C’est sans doute l’un des plus grands traumatismes visuels de l’histoire du jeu vidéo. La jaquette américaine du tout premier Mega Man, sorti sur NES, reste un modèle de naufrage artistique absolu. Derrière ce visuel improbable où le robot bleu ressemble à tout sauf à lui-même, se cache en réalité un problème majeur de communication interne chez Capcom.
Un naufrage artistique commis dans l'urgence

Tout le monde a déjà croisé ce regard perdu et cette posture qui défie les lois de l'anatomie. La jaquette américaine du premier Mega Man est entrée dans la légende pour de bien mauvaises raisons, évoquant davantage une parodie qu'un jeu d'action futuriste. Ce désastre esthétique n'est pourtant pas le fruit d'une volonté délibérée de saboter la licence, mais plutôt la conséquence d'un calendrier intenable.
Un illustrateur externe a dû concevoir cette image en l'espace de quelques heures seulement, sans véritablement comprendre le matériel d'origine. L'artiste a improvisé les couleurs en ajoutant du jaune sans raison apparente et a totalement réinventé le design du héros.
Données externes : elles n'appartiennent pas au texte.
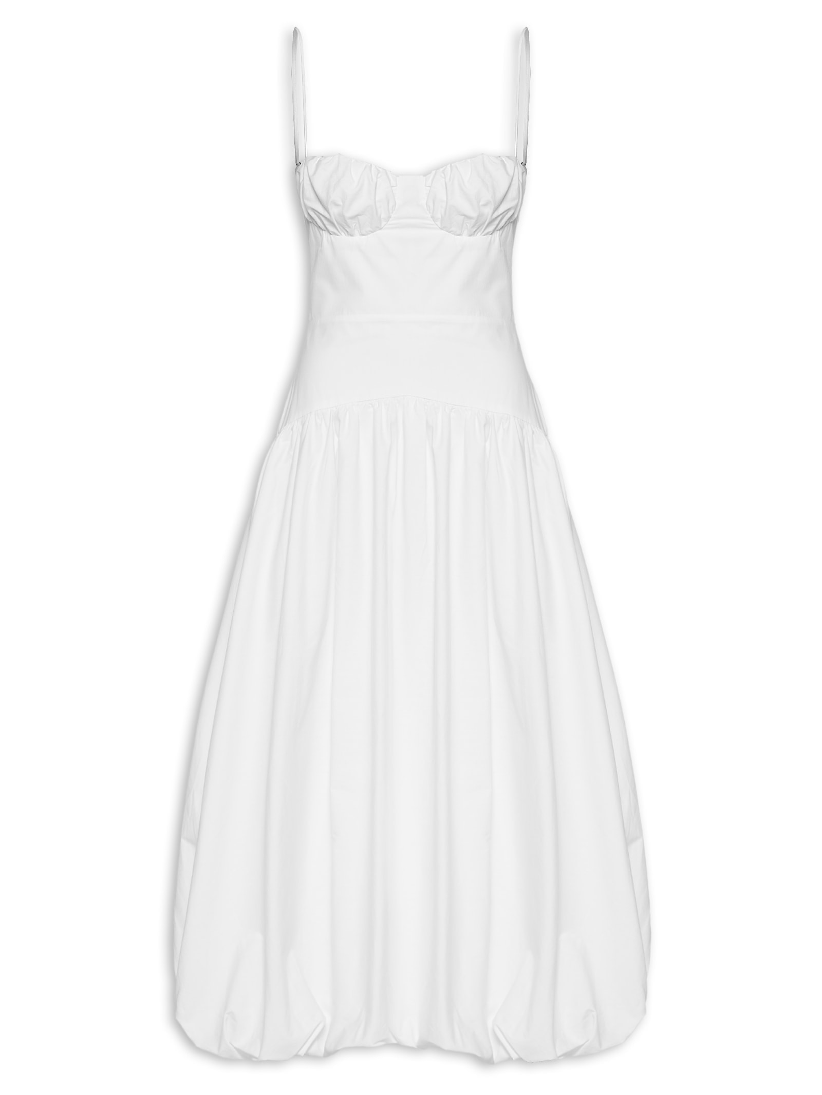 O vestido branco é confeccionado em tecido leve sem elasticidade. A peça justa ao busto e solta ao comprimento possui decote meia taça, alças finas com regulagem na parte posterior, cavas estendidas, lastex aplicado na parte posterior, recortes frontais e posteriores, barra com elástico embutido na barra e acabamento balonê, forro, comprimento midi e fechamento posterior por zíper.
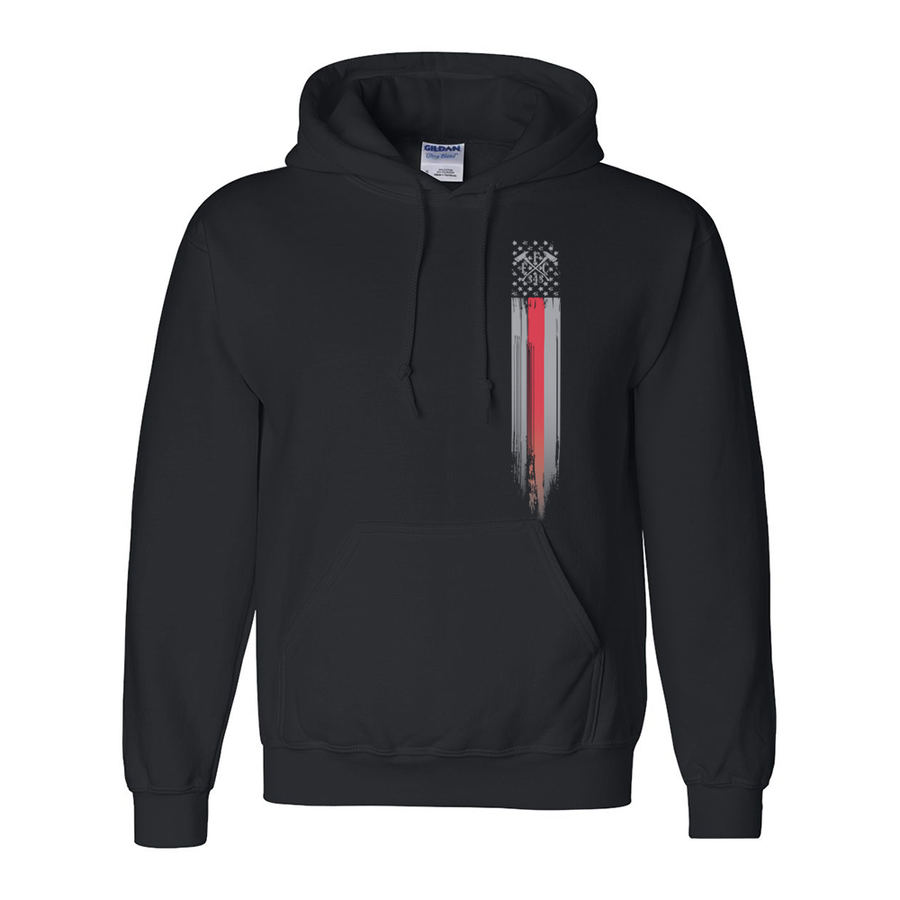 Exclusive Firefighter.com's FFC 343 Brand, the Thin Red Line Stars and Stripes Premium Hoodie is for the American Firefighter Patriot. If you love freedom and firefighting, you need this design for your off duty apparel collection. Left front chest grey distressed American Flag with the FFC 343 crossed axes within the stars and the subdued thin red line down the body, speaks a simple but profound message of dedication to this country and the firefighter mission.
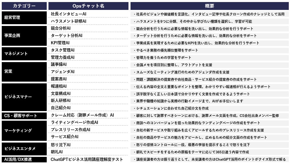 今回リリースした3つ以外にも、既に法人向けChatGPT「Ops(オプス)AI」には当社独自開発のGPTsが搭載されています。

Le résultat final a immédiatement choqué les joueurs, tant le décalage avec le chef-d'œuvre de la console de Nintendo était flagrant.
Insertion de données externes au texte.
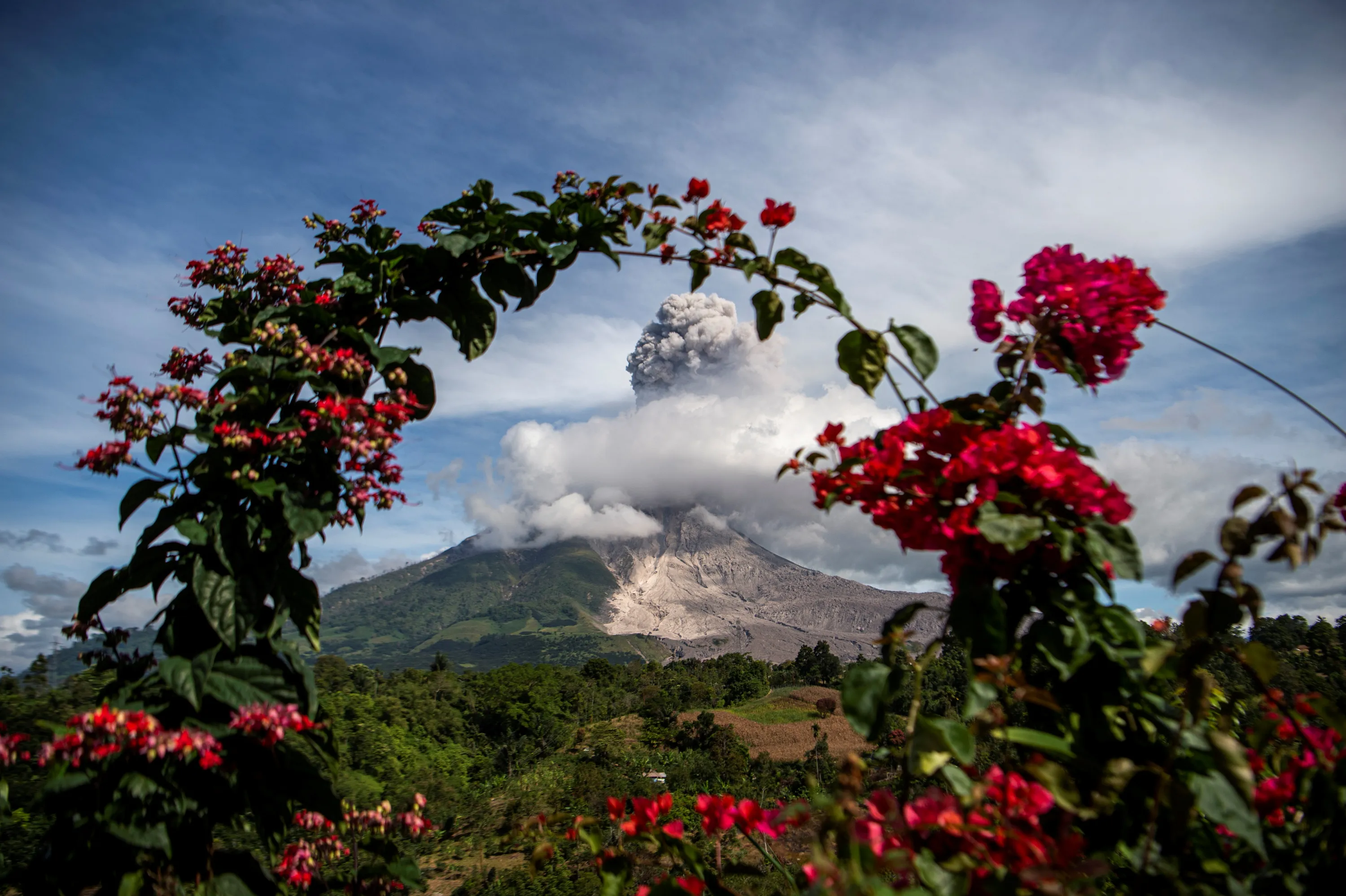 Mount Sinabung volcano spews hot ash and volcanic materials as it erupts, as seen from Tiga Pancur village in Karo, North Sumatra province, Indonesia, February 25, 2021 in this photo taken by Antara Foto. (Photo by Nova Wahyudi/Antara Foto via Reuters)
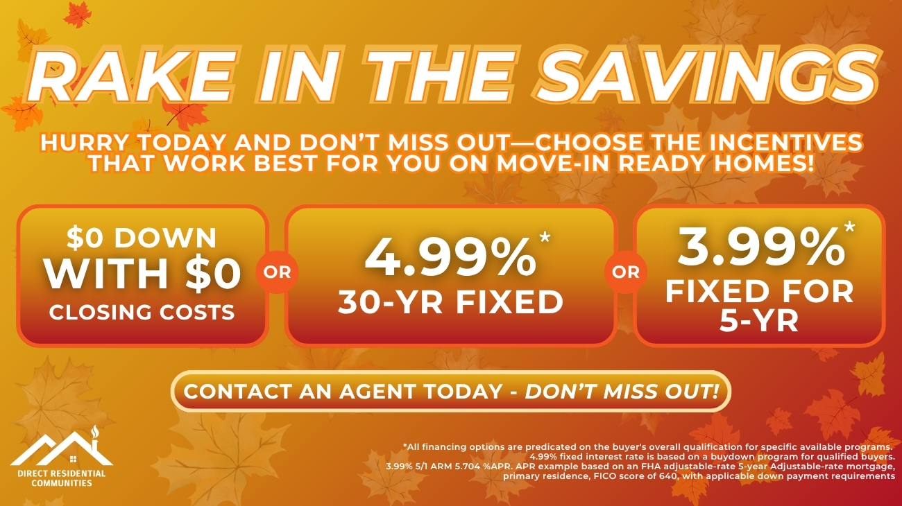 Fall is the season for big moves—and even bigger savings! Now’s your chance to lock in an unbeatable offer and move into your dream home in Metro Atlanta! Choose the incentives that work best for YOU:
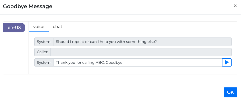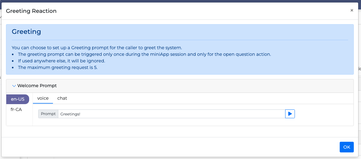 Sometimes, when prompted for input, a caller may first greet the application instead of giving the input directly. For these cases, it is possible to configure a Greeting Reaction, which will trigger in conjunction with the initial prompt resulting in a more human-like experience.

L'énigme du pistolet et l'héritage d'un mythe

Le détail le plus absurde de cette illustration reste sans doute l'arme que tient le personnage. Mega Man se retrouve équipé d'un pistolet 9 millimètres au lieu de son célèbre bras-canon, transformant le petit robot en une sorte de mafieux en combinaison moulante. À cette époque, les dessinateurs travaillaient à partir de photos d'écran floues envoyées par le Japon. Ne distinguant pas de fusil sur les pixels, l'artiste en a tout simplement déduit que le protagoniste tirait avec une arme de poing classique.
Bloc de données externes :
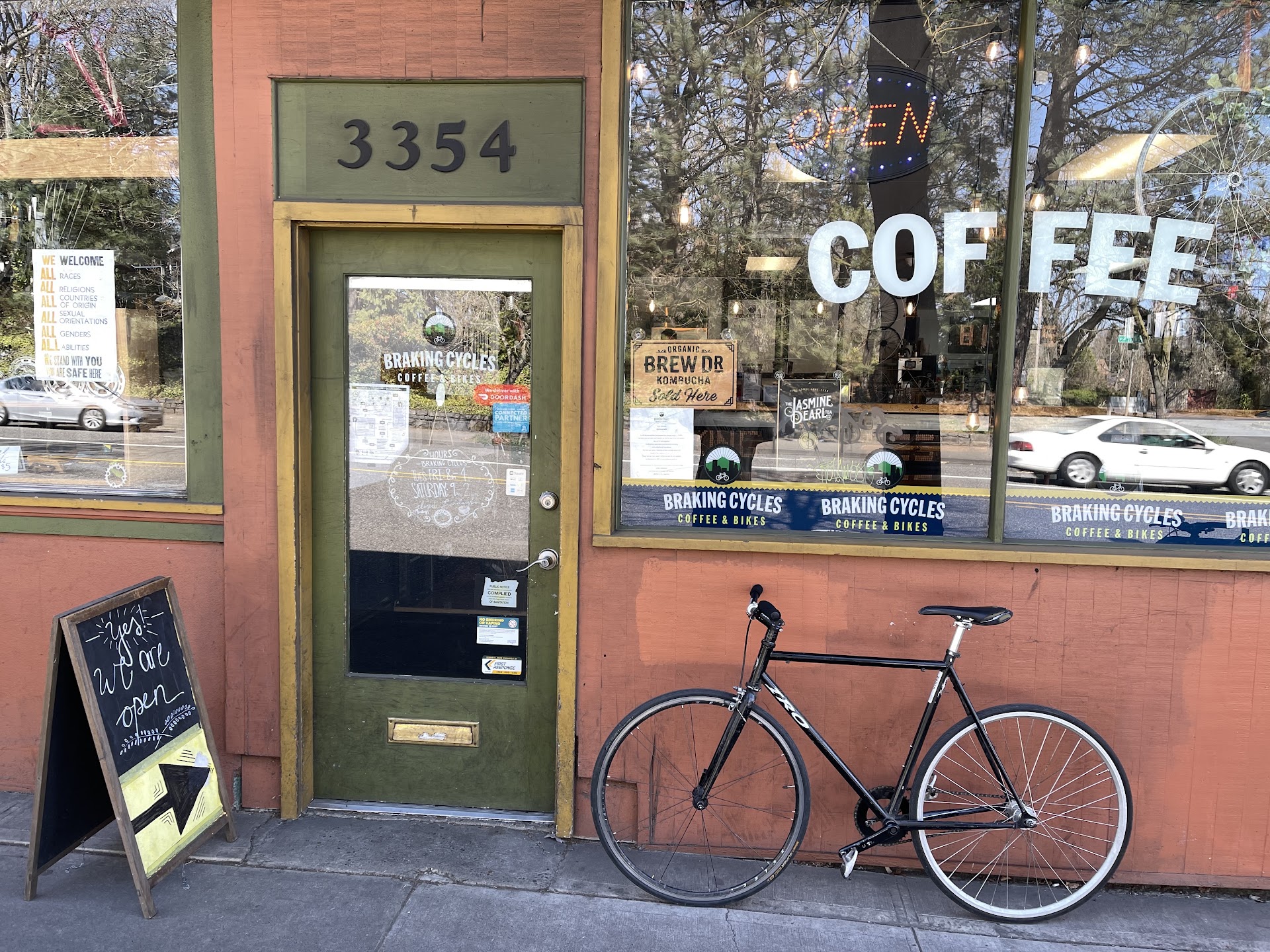 Had a coffee and conversation here a few days ago with friends. First the coffee was great, but more than that this place is really interesting. The floor is covered in pennies of various shades that make patterns. We were told that you could see them better through the lens of your phone camera and that appears to be true. In the back there is a bike shop. The not-so-secret to Braking Cycles is that it helps fund a nonprofit that helps youth get off the street and into housing. What an excellent way to spend a few...

Bien que Capcom ait changé de dessinateur pour la suite, la jaquette de Mega Man 2 a conservé cette idée d'un adulte en costume tenant un flingue. Cette erreur de communication est devenue si mythique que Capcom a fini par l'intégrer à sa propre culture, notamment en intégrant ce "Bad Box Art Mega Man" comme un personnage jouable à part entière dans le cross-over Street Fighter X Tekken . C’est la preuve ultime que l’éditeur a fini par assumer, avec beaucoup d'autodérision, les ratés de sa communication globale entre ses branches japonaises et américaines.